*** EXERCISE DATA ***

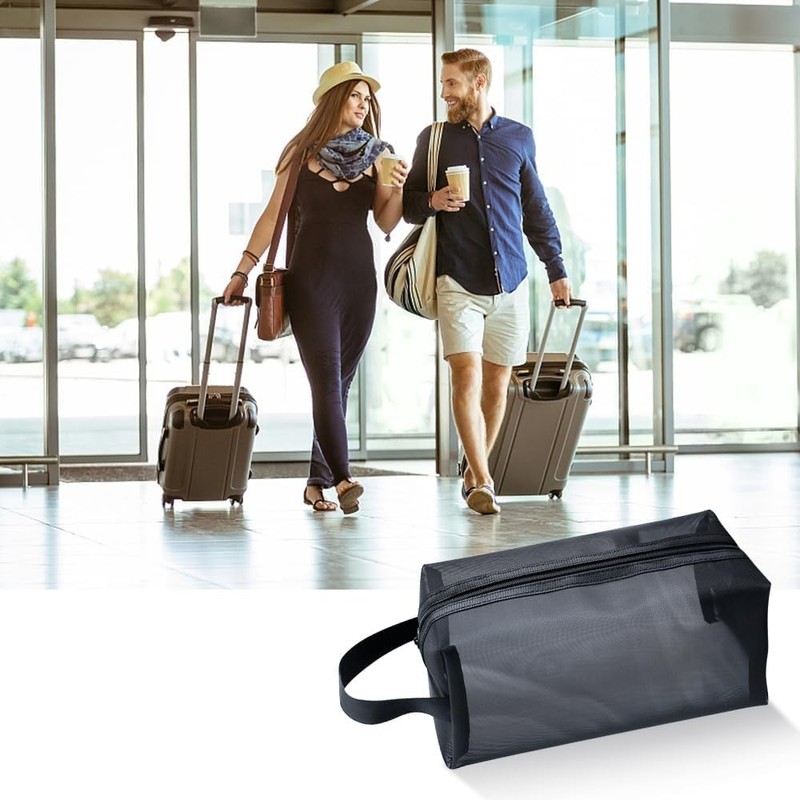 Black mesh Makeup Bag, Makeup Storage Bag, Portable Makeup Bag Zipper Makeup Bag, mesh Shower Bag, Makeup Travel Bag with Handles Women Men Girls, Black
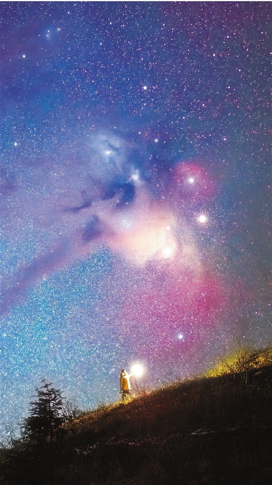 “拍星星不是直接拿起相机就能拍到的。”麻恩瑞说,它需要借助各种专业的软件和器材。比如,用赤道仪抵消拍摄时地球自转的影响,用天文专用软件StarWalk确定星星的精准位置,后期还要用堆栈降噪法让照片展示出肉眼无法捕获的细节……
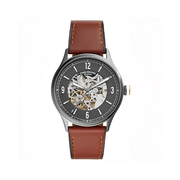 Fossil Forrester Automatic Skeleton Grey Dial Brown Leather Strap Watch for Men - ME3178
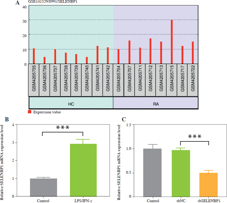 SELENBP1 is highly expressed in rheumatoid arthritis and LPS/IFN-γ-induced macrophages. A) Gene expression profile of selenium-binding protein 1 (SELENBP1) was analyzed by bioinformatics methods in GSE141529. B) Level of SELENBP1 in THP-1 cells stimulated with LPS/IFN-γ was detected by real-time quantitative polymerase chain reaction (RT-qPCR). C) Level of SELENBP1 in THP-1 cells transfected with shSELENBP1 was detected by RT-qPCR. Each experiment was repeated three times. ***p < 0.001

*** End of EXERCISE DATA ***
*** EXERCISE DATA ***

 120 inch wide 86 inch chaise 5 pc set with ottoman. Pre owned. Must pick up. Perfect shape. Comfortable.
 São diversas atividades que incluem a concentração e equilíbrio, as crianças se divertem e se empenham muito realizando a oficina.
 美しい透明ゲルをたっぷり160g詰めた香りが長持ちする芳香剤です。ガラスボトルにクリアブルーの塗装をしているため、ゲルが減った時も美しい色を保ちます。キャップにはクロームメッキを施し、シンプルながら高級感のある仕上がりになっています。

*** End of EXERCISE DATA ***

■ TO DO: The lines to set down run from the line with "Black mesh Makeup" up to and including the line with "Fossil Forrester Automatic" in the entries above. Reproduce them exactly, with no pictures.

■ OUTPUT OF THE TASK:
 Black mesh Makeup Bag, Makeup Storage Bag, Portable Makeup Bag Zipper Makeup Bag, mesh Shower Bag, Makeup Travel Bag with Handles Women Men Girls, Black
 “拍星星不是直接拿起相机就能拍到的。”麻恩瑞说,它需要借助各种专业的软件和器材。比如,用赤道仪抵消拍摄时地球自转的影响,用天文专用软件StarWalk确定星星的精准位置,后期还要用堆栈降噪法让照片展示出肉眼无法捕获的细节……
 Fossil Forrester Automatic Skeleton Grey Dial Brown Leather Strap Watch for Men - ME3178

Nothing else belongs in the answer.